28 U.S.C. § 151 (1994).
. Section 105(a) provides that “[t]he court may issue any order, process, or judgment that is necessary or appropriate to carry out the provisions of this title.”
. Whether the cramped reading given § 105 is inconsistent with the broad thrust of its language seems a serious question. The uniformity of past opinion, though not binding on this court, and the conclusions reached in this opinion, render a reappraisal of that issue unnecessary.
. Even if it can be argued that, by virtue of the automatic injunction, a cause of action for disgorgement is not "necessary,” it can hardly be argued that it is not "appropriate.” Moreover, if plaintiffs allegations are true, they demonstrate that the injunction has not been effective, thus suggesting that the cause of action is also necessary.
. It does not appear that plaintiff seeks "general compensatory damages” i.e., damages for emotional distress.
. The parties have not raised the issue of a right to trial by jury as to the claim under 11 U.S.C. § 362(h) and thus the court does not reach that issue.
See Gordon v.
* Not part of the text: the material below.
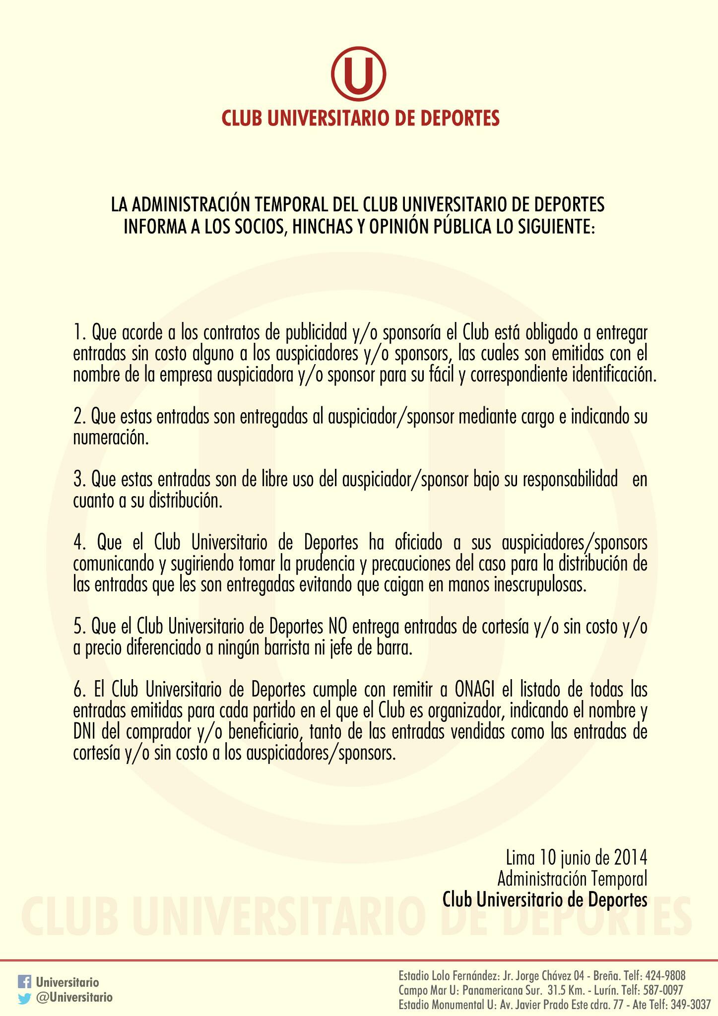 Asimismo, se conoció que las acciones legales ante FIFA contra la Universidad de Chile, en los derechos de formación de Ruidíaz, y Atlante (México), por el caso del juvenil argentino que jugó en el 2012, Martín Perpetua, se resolverán con novedades favorables para el club de Ate.

Friedman's Inc. (In re Gordon), 209
B.R. 414 (Bankr.N.D.Miss.1997)(no right to jury trial for violations of 11 U.S.C. § 362(h));
Periera v. Chapman,
. 28 U.S.C. § 157(e) provides that,
If the right to a jury trial applies in a proceeding that may be heard under this section by a bankruptcy judge, the bankruptcy judge may conduct the jury trial if specially designated to exercise such jurisdiction by the district court and with the express consent of all the parties.